▸ TASK:
Wherever pictures appear in the listing below, leave them out, and copy exactly, and only, everything from the line with "Les petits aiment les livres..." down to the line with "RENAULT CLIO DCI AÑO 2005 140.000 Km 3.600 €".

▸ DATA FOR REVIEW:
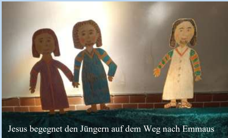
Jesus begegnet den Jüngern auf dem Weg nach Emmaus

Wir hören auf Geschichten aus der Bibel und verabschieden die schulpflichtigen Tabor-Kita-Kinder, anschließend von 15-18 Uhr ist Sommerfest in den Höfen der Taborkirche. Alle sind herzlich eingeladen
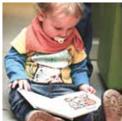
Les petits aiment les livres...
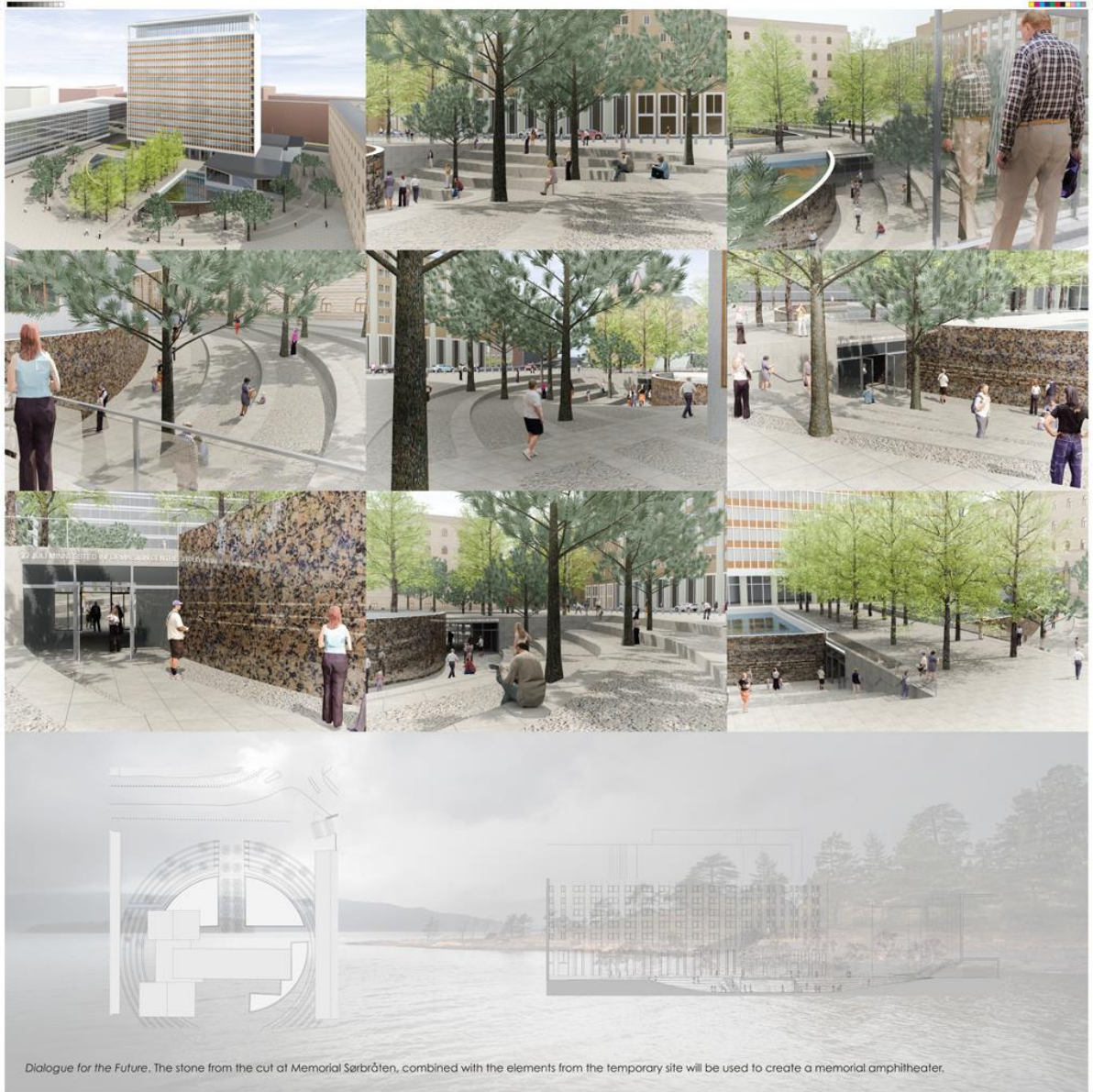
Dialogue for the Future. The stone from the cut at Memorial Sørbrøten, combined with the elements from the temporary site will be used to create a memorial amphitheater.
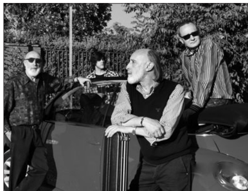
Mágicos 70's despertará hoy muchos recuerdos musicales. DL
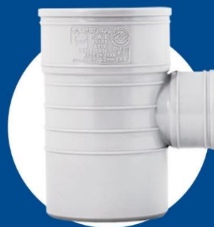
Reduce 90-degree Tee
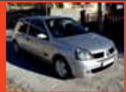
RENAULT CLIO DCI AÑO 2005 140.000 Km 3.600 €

--

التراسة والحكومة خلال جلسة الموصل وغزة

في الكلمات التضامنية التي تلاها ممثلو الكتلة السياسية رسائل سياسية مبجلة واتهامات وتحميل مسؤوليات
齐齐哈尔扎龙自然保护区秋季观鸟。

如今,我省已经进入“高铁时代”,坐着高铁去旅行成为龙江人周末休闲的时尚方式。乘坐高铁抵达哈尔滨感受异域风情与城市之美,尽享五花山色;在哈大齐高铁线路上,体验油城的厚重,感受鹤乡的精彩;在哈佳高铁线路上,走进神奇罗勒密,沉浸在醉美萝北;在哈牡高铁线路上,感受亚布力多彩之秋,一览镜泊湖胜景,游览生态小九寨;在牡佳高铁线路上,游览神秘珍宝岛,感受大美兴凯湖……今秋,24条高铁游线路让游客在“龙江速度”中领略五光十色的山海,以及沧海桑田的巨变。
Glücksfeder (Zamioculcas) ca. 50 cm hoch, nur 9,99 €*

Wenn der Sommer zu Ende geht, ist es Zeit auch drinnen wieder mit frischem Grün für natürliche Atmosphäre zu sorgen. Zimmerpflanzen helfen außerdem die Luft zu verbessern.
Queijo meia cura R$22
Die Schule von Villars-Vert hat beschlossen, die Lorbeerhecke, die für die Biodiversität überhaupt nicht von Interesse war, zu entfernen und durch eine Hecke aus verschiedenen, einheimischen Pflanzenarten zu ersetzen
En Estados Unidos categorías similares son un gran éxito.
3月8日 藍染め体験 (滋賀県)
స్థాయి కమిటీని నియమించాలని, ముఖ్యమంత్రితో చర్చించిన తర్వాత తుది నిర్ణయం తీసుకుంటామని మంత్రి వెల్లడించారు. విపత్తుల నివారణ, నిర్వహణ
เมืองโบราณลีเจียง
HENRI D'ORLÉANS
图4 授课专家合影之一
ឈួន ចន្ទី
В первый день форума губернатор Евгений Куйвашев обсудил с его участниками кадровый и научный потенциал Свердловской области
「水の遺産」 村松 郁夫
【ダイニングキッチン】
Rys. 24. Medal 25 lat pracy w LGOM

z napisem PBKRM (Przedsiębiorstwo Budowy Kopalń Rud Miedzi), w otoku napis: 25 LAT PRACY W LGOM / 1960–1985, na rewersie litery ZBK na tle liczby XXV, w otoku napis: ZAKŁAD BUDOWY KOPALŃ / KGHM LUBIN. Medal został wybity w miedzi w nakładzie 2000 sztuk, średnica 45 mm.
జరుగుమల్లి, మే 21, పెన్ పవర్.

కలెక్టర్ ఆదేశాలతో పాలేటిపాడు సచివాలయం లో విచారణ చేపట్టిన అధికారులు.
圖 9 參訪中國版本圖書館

▸ EXERCISE RESULT:
Les petits aiment les livres...
Dialogue for the Future. The stone from the cut at Memorial Sørbrøten, combined with the elements from the temporary site will be used to create a memorial amphitheater.
Mágicos 70's despertará hoy muchos recuerdos musicales. DL
Reduce 90-degree Tee
RENAULT CLIO DCI AÑO 2005 140.000 Km 3.600 €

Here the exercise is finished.